EXTRACTED MATERIAL –
+++++

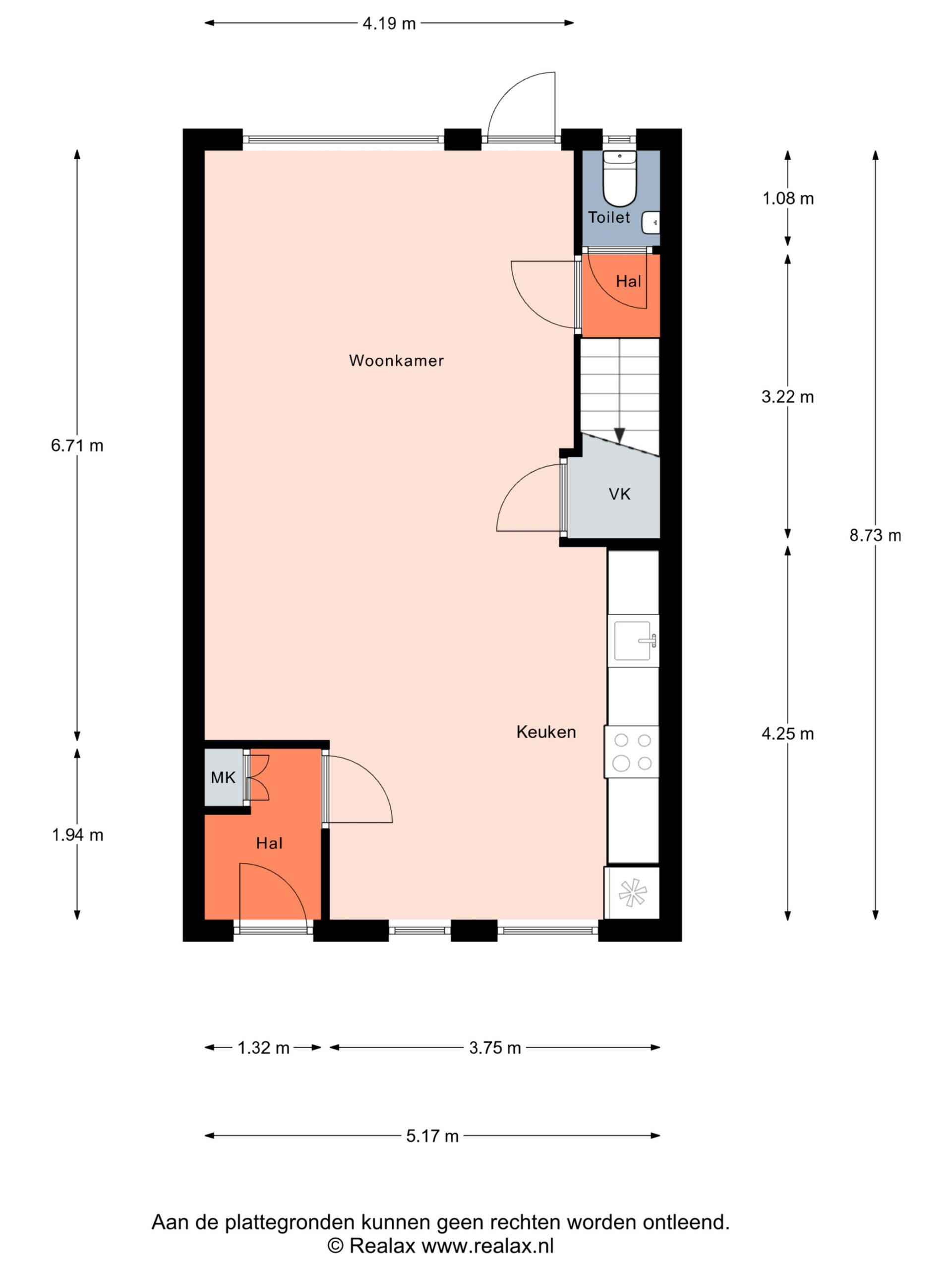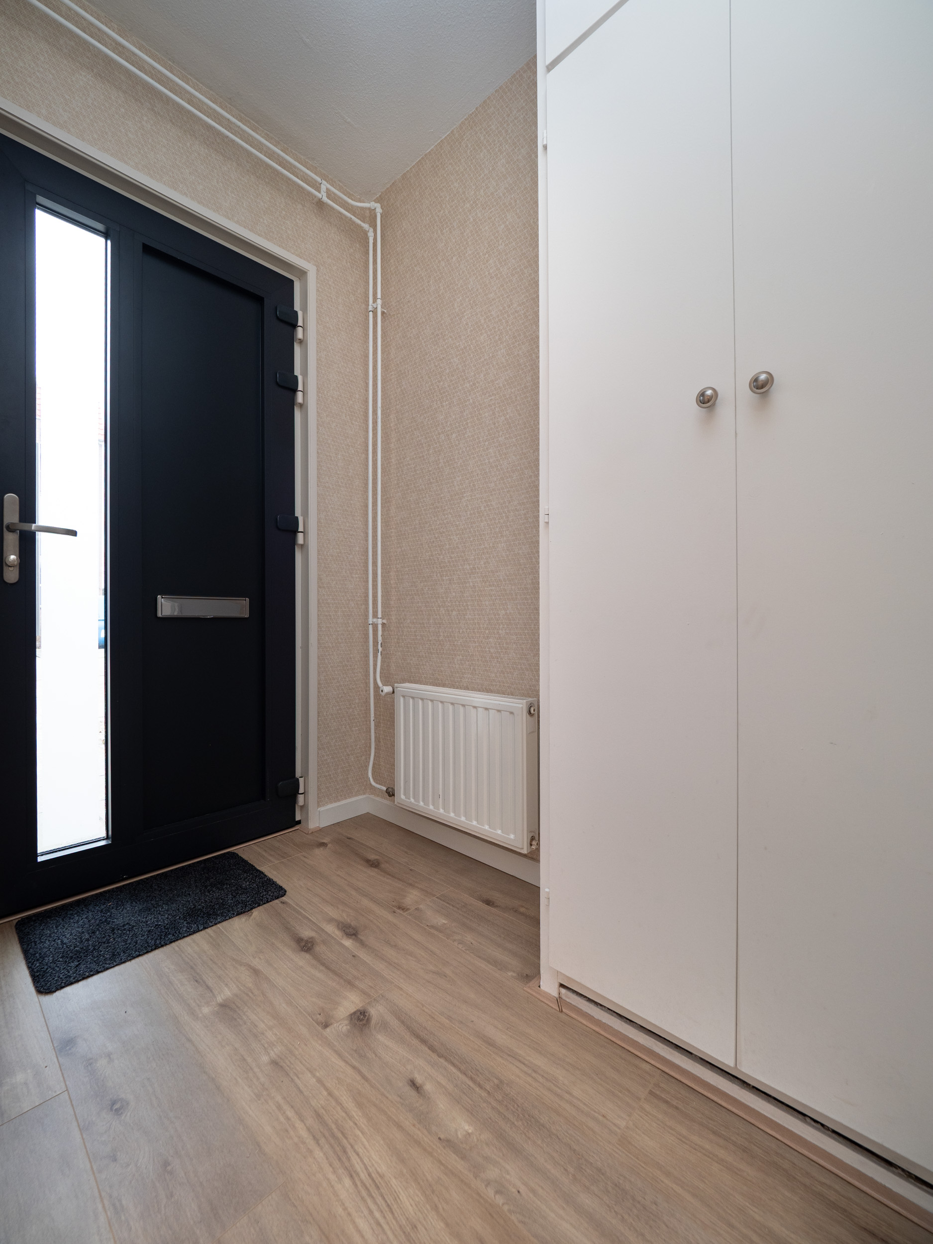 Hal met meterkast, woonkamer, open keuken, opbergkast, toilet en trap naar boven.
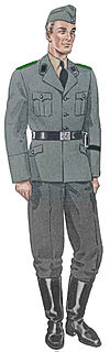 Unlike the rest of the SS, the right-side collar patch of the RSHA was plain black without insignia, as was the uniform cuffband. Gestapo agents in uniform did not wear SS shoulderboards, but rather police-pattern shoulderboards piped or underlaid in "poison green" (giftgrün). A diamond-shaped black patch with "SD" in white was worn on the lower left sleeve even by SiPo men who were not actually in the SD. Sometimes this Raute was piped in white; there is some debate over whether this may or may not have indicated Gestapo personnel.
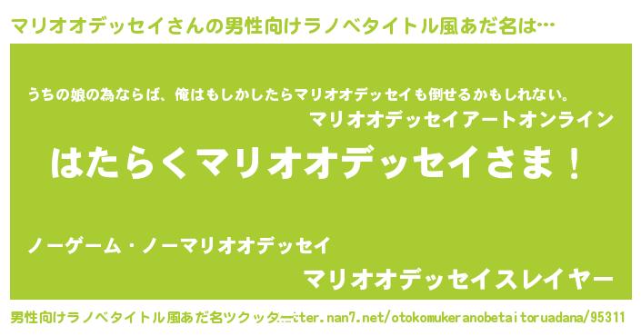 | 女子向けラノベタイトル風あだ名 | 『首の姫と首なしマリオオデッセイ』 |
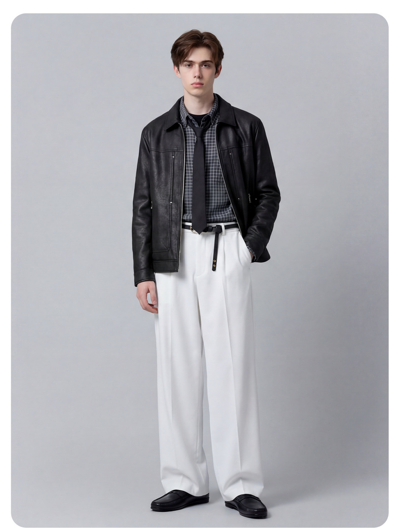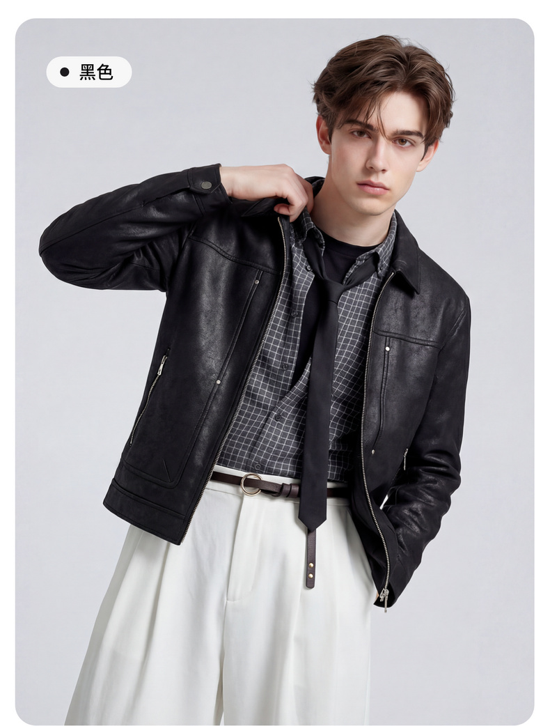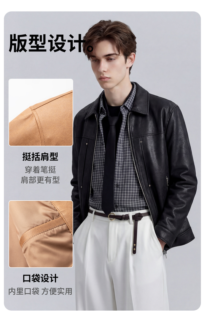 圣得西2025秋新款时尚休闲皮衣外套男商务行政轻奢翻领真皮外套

+++++

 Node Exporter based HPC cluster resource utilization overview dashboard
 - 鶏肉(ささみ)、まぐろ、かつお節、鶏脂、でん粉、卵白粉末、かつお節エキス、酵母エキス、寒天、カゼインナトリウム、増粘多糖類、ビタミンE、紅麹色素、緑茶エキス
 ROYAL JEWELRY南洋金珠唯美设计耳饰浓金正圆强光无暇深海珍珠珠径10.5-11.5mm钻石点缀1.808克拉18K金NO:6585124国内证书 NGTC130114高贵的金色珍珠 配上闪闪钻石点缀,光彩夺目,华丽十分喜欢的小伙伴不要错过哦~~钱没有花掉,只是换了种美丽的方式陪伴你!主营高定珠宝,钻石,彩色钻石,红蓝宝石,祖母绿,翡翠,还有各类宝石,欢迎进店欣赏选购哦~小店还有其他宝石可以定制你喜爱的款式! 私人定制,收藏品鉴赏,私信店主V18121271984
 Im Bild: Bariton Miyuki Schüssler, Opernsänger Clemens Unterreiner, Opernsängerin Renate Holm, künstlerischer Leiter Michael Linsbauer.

+++++

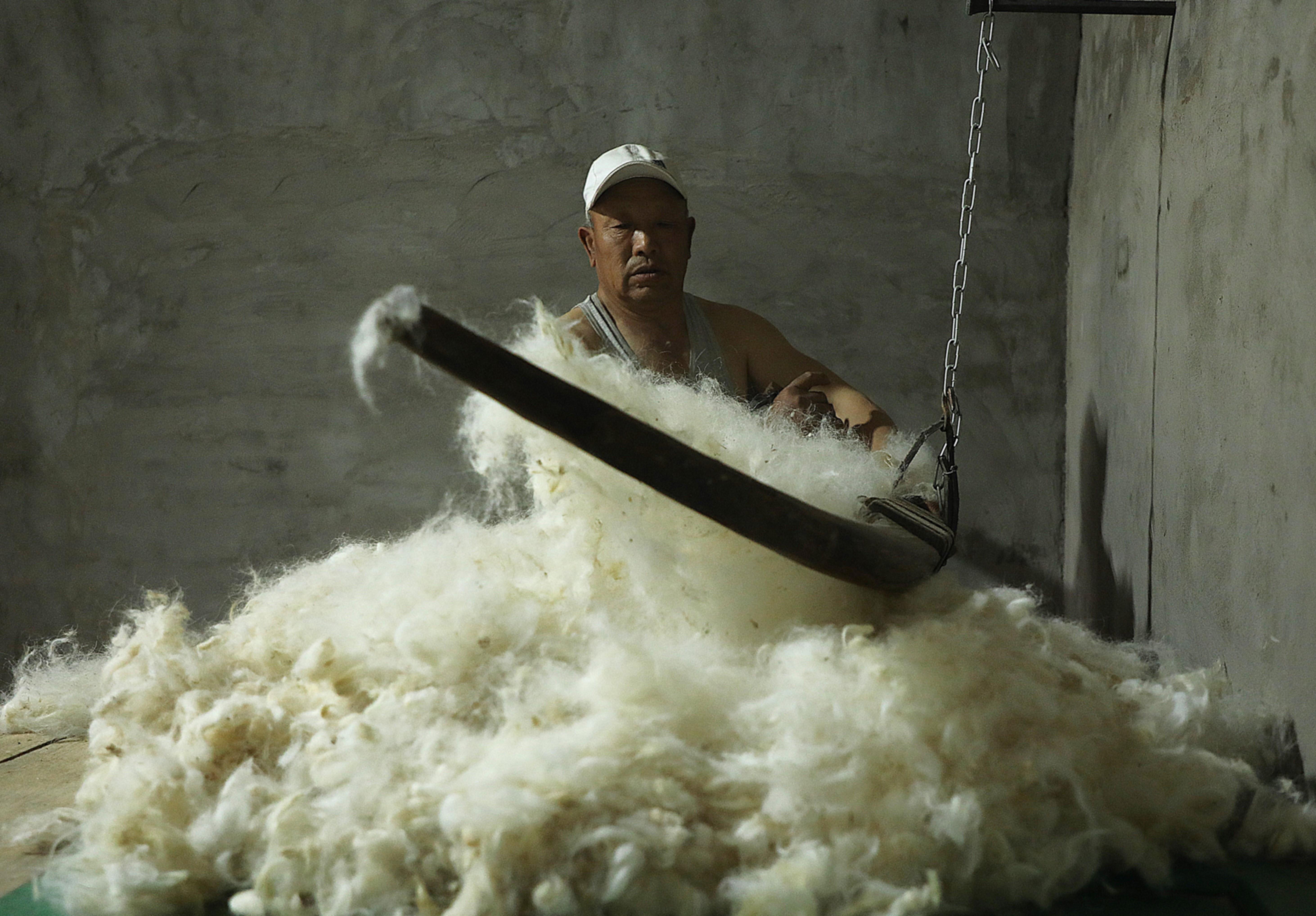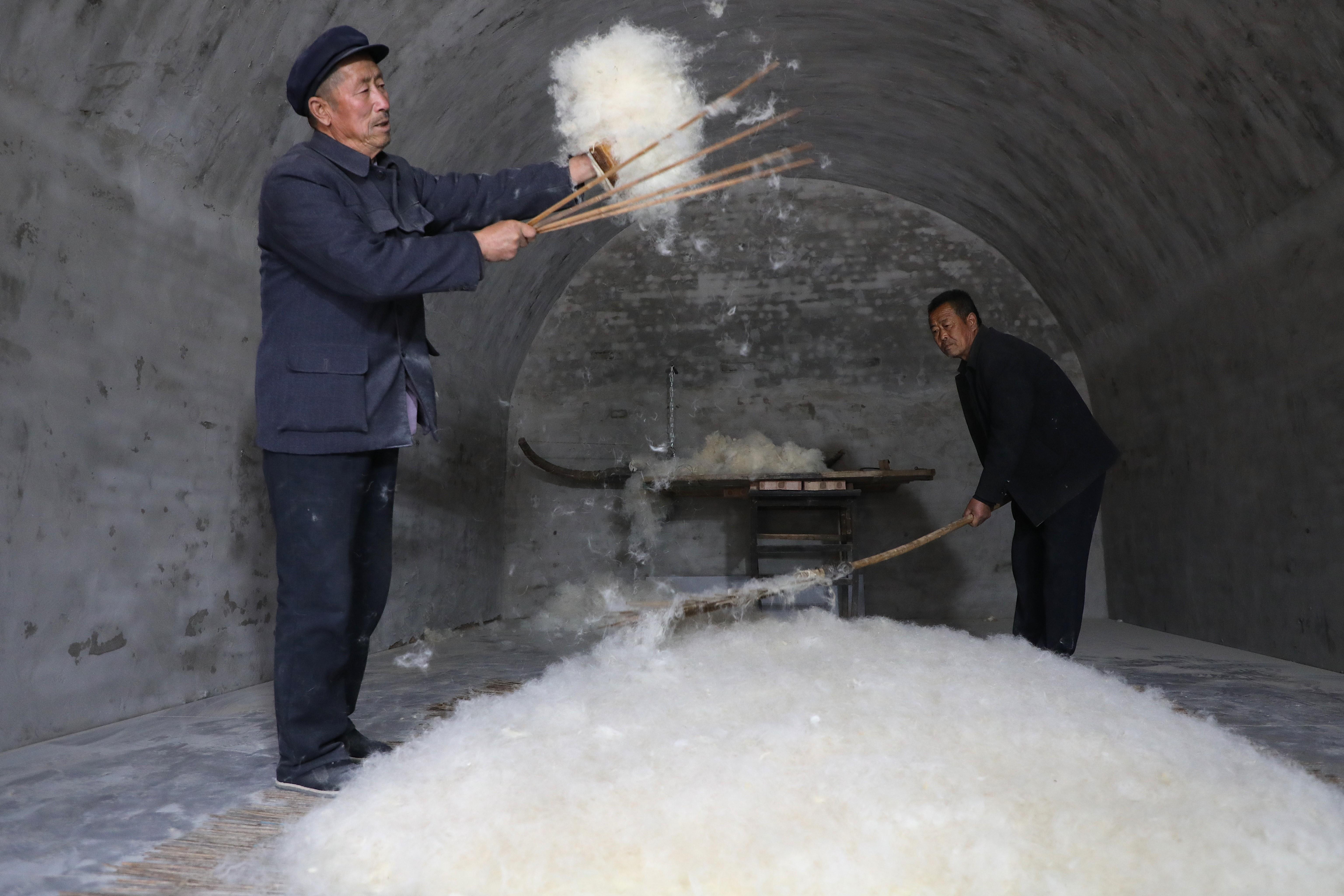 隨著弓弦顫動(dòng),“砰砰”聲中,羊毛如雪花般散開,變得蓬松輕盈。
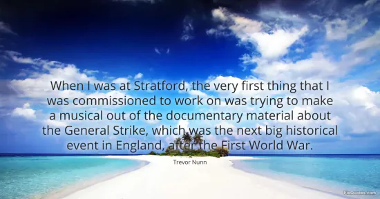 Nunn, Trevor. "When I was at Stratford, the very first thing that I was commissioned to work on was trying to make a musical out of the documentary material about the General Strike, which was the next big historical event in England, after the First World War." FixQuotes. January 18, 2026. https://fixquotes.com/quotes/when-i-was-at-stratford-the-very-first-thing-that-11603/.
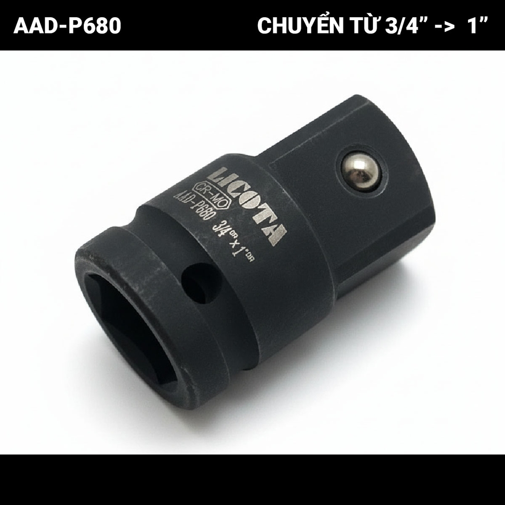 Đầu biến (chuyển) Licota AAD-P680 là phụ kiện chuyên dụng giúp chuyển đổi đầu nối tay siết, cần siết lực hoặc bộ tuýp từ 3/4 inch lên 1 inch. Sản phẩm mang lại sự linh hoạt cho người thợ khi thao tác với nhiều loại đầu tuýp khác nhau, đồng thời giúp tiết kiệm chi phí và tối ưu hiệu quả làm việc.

+++++

EXERCISE AIM –
With pictures omitted, repeat the entries above word for word from the line holding "Hal met meterkast, woonkamer, open" down to the line holding "女子向けラノベタイトル風あだ名 | 『首の姫と首なしマリオオデッセイ』 |", keeping both of those lines.

TASK OUTPUT –
 Hal met meterkast, woonkamer, open keuken, opbergkast, toilet en trap naar boven.
 Unlike the rest of the SS, the right-side collar patch of the RSHA was plain black without insignia, as was the uniform cuffband. Gestapo agents in uniform did not wear SS shoulderboards, but rather police-pattern shoulderboards piped or underlaid in "poison green" (giftgrün). A diamond-shaped black patch with "SD" in white was worn on the lower left sleeve even by SiPo men who were not actually in the SD. Sometimes this Raute was piped in white; there is some debate over whether this may or may not have indicated Gestapo personnel.
 | 女子向けラノベタイトル風あだ名 | 『首の姫と首なしマリオオデッセイ』 |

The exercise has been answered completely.